_Recorded data_.
>>>

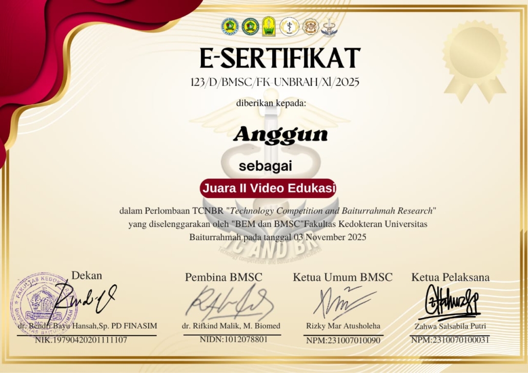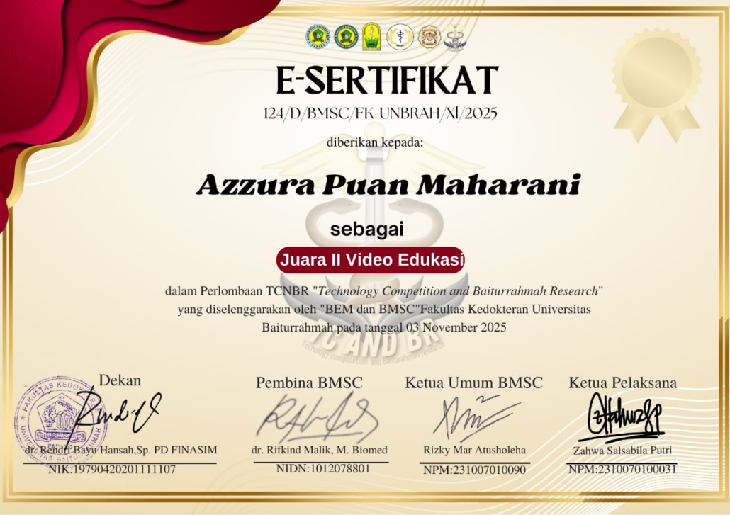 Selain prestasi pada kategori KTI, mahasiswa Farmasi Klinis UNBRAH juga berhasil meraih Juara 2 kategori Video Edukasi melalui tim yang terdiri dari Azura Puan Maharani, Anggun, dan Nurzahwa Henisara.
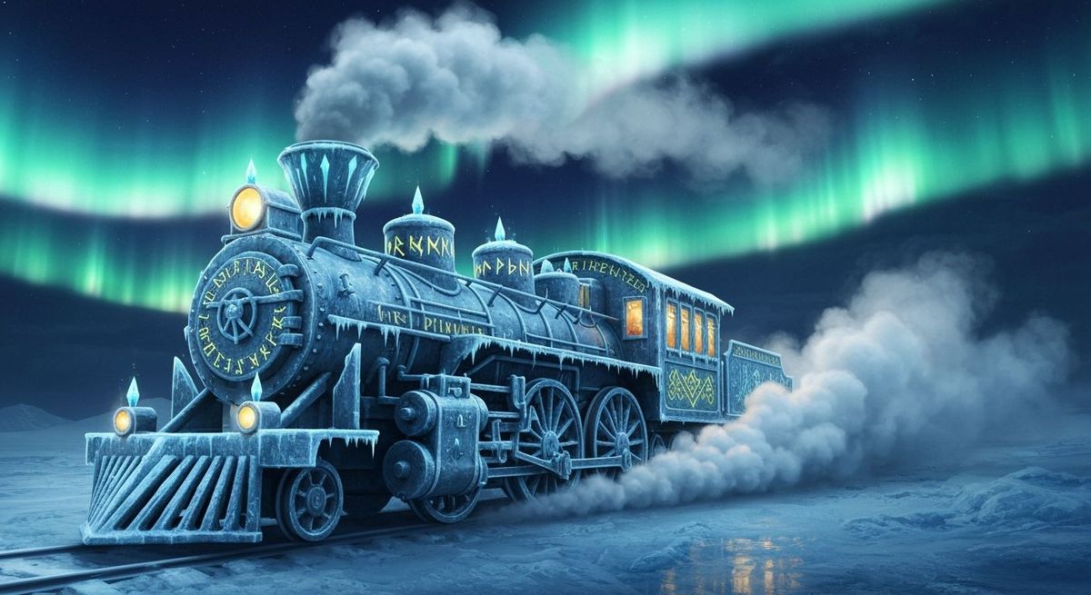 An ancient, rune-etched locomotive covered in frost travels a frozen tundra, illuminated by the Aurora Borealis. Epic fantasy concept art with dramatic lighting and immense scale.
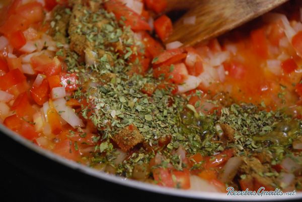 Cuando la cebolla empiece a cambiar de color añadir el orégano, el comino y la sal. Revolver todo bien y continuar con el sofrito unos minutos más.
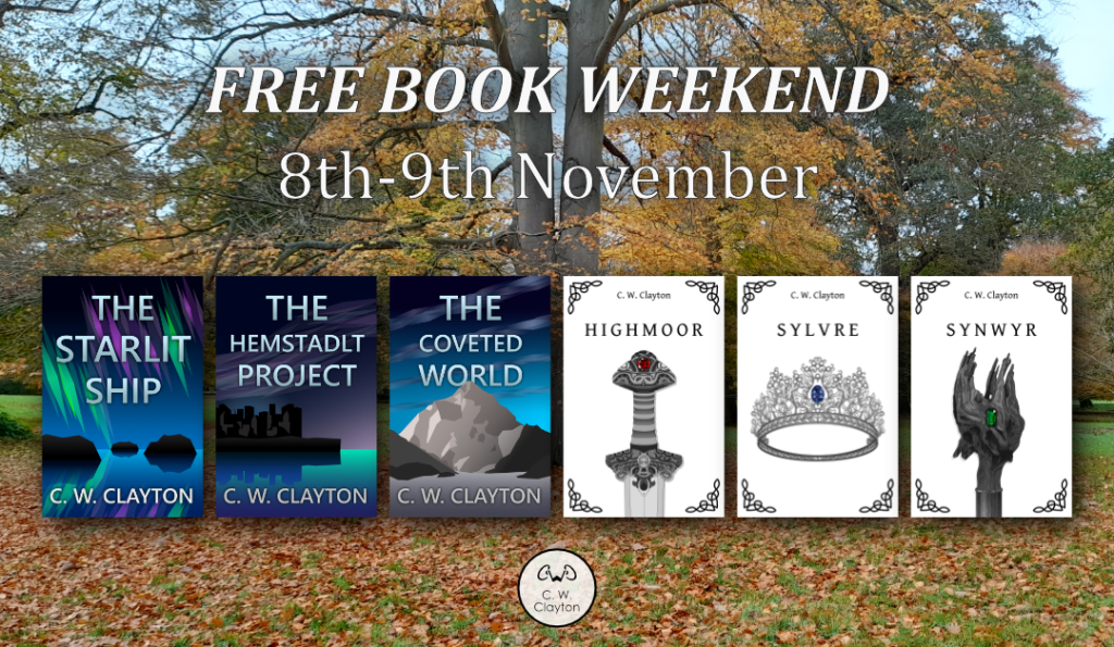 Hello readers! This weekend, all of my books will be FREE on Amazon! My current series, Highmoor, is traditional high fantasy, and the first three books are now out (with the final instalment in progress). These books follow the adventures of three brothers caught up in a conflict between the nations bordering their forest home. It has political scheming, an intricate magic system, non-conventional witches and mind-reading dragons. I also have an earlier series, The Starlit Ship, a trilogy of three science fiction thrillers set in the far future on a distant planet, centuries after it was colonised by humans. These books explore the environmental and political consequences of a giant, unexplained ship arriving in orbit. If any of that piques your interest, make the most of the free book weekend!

<<<

_Task statement_.
The whole listing should be restated word for word, with no pictures.

_Task solution_.
 Selain prestasi pada kategori KTI, mahasiswa Farmasi Klinis UNBRAH juga berhasil meraih Juara 2 kategori Video Edukasi melalui tim yang terdiri dari Azura Puan Maharani, Anggun, dan Nurzahwa Henisara.
 An ancient, rune-etched locomotive covered in frost travels a frozen tundra, illuminated by the Aurora Borealis. Epic fantasy concept art with dramatic lighting and immense scale.
 Cuando la cebolla empiece a cambiar de color añadir el orégano, el comino y la sal. Revolver todo bien y continuar con el sofrito unos minutos más.
 Hello readers! This weekend, all of my books will be FREE on Amazon! My current series, Highmoor, is traditional high fantasy, and the first three books are now out (with the final instalment in progress). These books follow the adventures of three brothers caught up in a conflict between the nations bordering their forest home. It has political scheming, an intricate magic system, non-conventional witches and mind-reading dragons. I also have an earlier series, The Starlit Ship, a trilogy of three science fiction thrillers set in the far future on a distant planet, centuries after it was colonised by humans. These books explore the environmental and political consequences of a giant, unexplained ship arriving in orbit. If any of that piques your interest, make the most of the free book weekend!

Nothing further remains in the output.